Глеб Успенский - Разоренье
— Вот и все! — с гневом прибавляла она.
— Ночевать! — восклицал Павел Иваныч. — Вот это великолепно! Ночевать, ночевать, — а что такое? в чем дело? Неизвестно!.. Ведь это… Авдотья Петровна! — обращался Печкин к старухе Черемухиной. — Вы мать… Я муж, разве возможно?.. Она ваша дочь… Ведь это!..
— Я, батюшка, человек старый!.. — отделывалась Черемухина, чувствуя, что и ее голова разоряется в последнее время.
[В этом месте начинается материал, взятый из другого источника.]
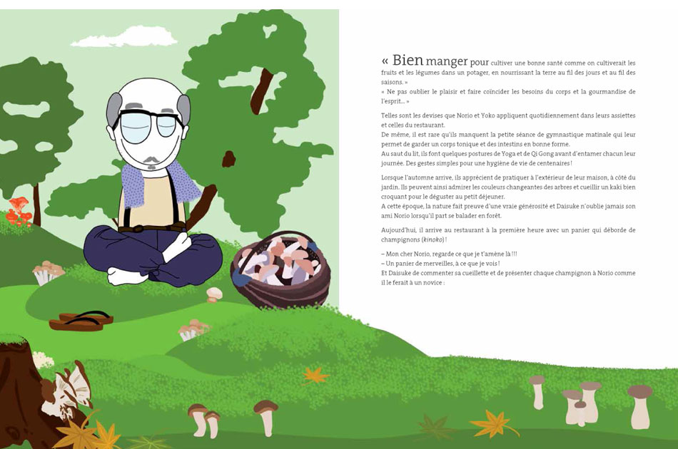 Au fil des pages, le lecteur découvre le jardin de Norio et Yoko, le marché, la forêt où poussent de délicieux champignons, il croise un vendeur de tofu, une critique gastronomique, le tout dans la joie et la bonne humeur.

С одной стороны, ей кажется, что нету греха в дружбе и скитаниях ее дочери с женой Печкина, с другой, ей тоже кажется, что Софья Васильевна должна почему-то сидеть дома, ибо и сама Черемухина делала так в течение целой жизни.
И Надя чувствовала полное торжество, когда, несмотря на продолжительное оранье и брюзжанье Печкина, ей удавалось обделать такое дело, как оставить ночевать у себя Софью Васильевну и видеть, как разбешенный Павел Иваныч плюнет и убежит со двора. Павел Иваныч, голова которого, как уж нам известно, была разорена современностью до последней возможности, благодаря этой борьбе с Надей и с женой получил тоже достаточно определенную жизненную цель и имел возможность восставать против событий, ему совершенно ясных, и уже не враждовал против железной дороги, которая не сделала ему ровно никакого зла. Теперь было уже совершенно ясно, что во всем виновата жена, и о злодеяниях ее он трубил решительно повсюду.
— Вот как, брат, жены-то нынешние! — в гневе кричал он в окно соседу портному и показывал ему чайник. — Сам, брат, засыпь, сам раздуй самоварчик, а не хочешь — поди на улицу да издыхай в подворотне. Вот, брат! Голую взял, думал, что за мое благодеяние…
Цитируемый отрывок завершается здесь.